Student loan rates are the rates of interest applied to student loans.
Interest is an amount of money that you pay to a student loan provider in exchange for getting to borrow their money to pay for your higher education.
Interest is calculated as a percentage of the amount of money that you borrow. This amount is called your “principal balance”.
The amount of interest that you need to pay on your student loan and when that sum needs to be repaid will depend on the type of student loan you’ve taken out and the loan’s terms.
Most student loans are daily interest loans. If you take out a daily interest student loan, your lender or loan servicer will calculate interest daily. That interest will then accumulate and be added to the outstanding amount you must repay.
What’s the difference between subsidized loan rates and unsubsidized loan rates?
There are two main types of federal student loans: subsidized student loans and unsubsidized student loans. Whether a loan is subsidized or unsubsidized will determine when a borrower is going to be expected to start repaying interest on their principal loan balance.

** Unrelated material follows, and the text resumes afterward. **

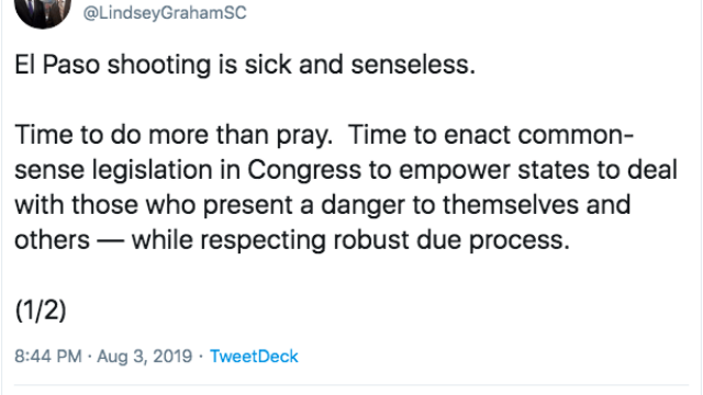 - Senator Lindsey Graham (SC), Chairman of the Senate Judiciary Committee, stated his support for Red Flag laws, announcing he’ll soon introduce a bipartisan bill with Senator Blumenthal (D-CT)…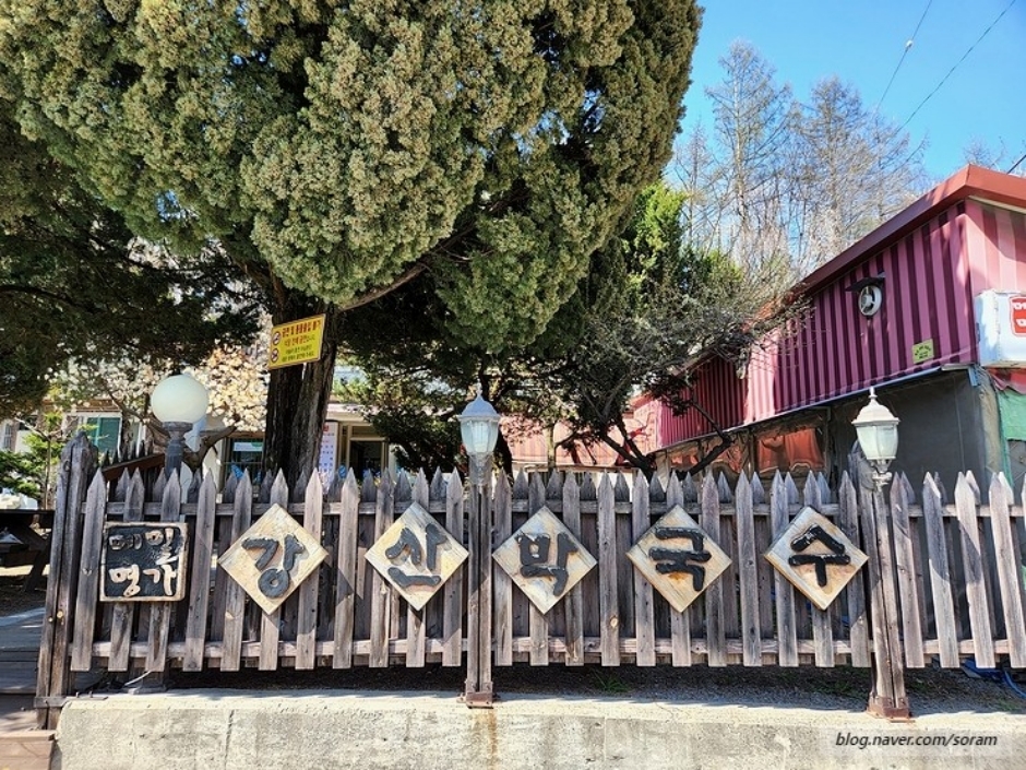 강산 막국수는 태백시 황지동에 있다. 봄이면 목련이 흐드러지게 피는 넓은 정원을 지나야 매장이 나온다. 막국수를 전문으로 하는 곳으로 대표 메뉴는 막국수와 수육, 곁들여 먹을 수 있는 녹두 부침, 감자 부침, 수육, 가자미회 등이 있다. 수육은 윤기가 흐르고, 비빔막국수는 고소한 기름 냄새를 풍기며, 물막국수는 새콤한 국물이 시원하다. 평소에도 웨이팅이 길기 때문에 도착하면 대기자 명단에 이름과 인원수를 빠르게 적고 정원을 둘러보며 기다리면 된다.

When a loan is subsidized, it means that the U.S. Government will pay any accumulated interest on your behalf while you’re still completing your education. That means you won’t be expected to repay a cent of interest on your student loan until after you graduate.
When a loan is unsubsidized, you as the borrower may have to start repaying interest on your principal amount immediately. That being said, if your unsubsidized loan qualifies for an in-school deferment you won’t need to repay interest immediately (although the interest will continue to accrue over the course of the deferment period).

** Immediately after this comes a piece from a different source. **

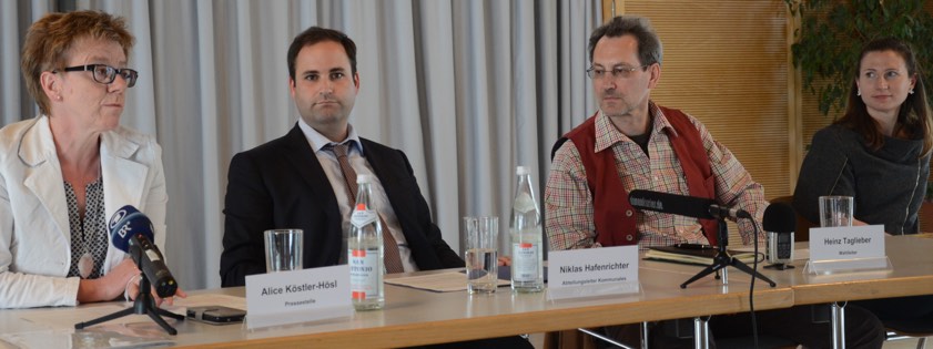 Viel beachteter Pressetermin: Landratsamt-Sprecherin Alice Köstler-Hösl (von links), Niklas Hafenrichter (Abteilungsleiter Kommunales), Wahlleiter Heinz Taglieber, Vize-Wahlleiterin Konstanze Erdle (Foto: Zell).

How do student loan interest rates affect my repayments?
Student loan rates are important because they have an impact on the total amount of money a borrower must repay over the course of their loan term.

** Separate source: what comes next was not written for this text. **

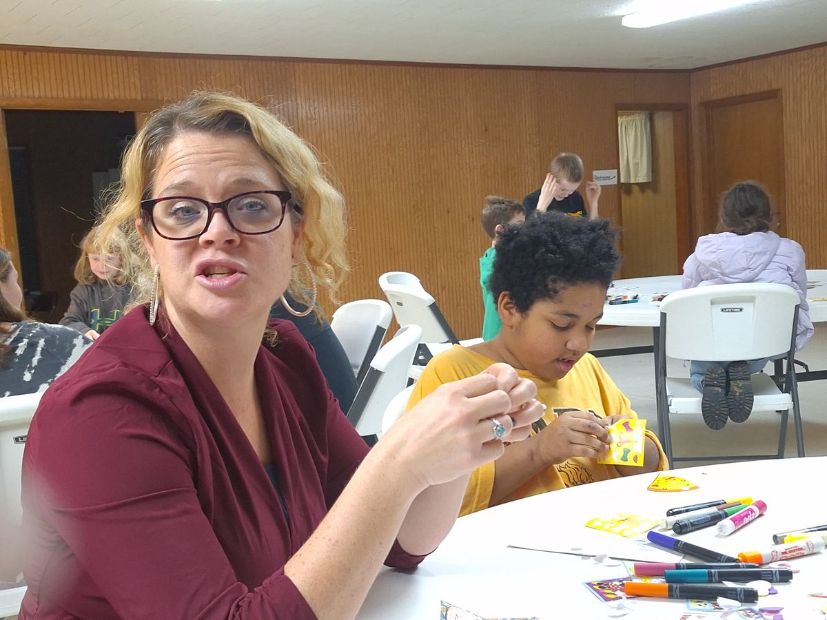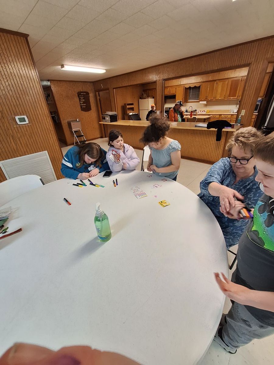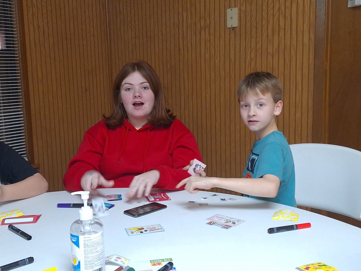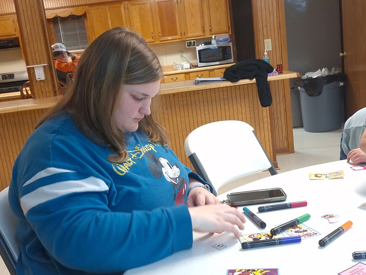 Making Valentine's Day cards for nursing home residents in 2024.

For example, let’s say you were to take out a $50,000 student loan with an annual interest rate of 5%. That would mean in addition to the $50,000 you’ve got to borrow for your education, you’ll need to repay an extra $2,500 worth of interest at the end of each year. If interest is compounding (where interest is charged on interest) it would be even more than $2,500.
By contrast, if your lender implemented a 10% annual loan rate on that same borrowing amount, you’d be required to pay at least $5,000 in interest each year (more if compounding).
That’s why interest rates matter, and it’s important to bear that in mind when choosing a student loan with various repayment options.
How are current student loan rates calculated?
Interest rates are generally calculated using a daily interest formula. That formula is:
- Number of Days Since Last Payment x (Outstanding Principal Balance × Interest Rate Factor) = Interest amount
When daily interest accrues, it’s typically added to the borrower’s monthly balance.
While this loan rate formula applies to many loan types, it’s important to note that the interest rates on federal student loans are set through federal law instead of regulators or private companies.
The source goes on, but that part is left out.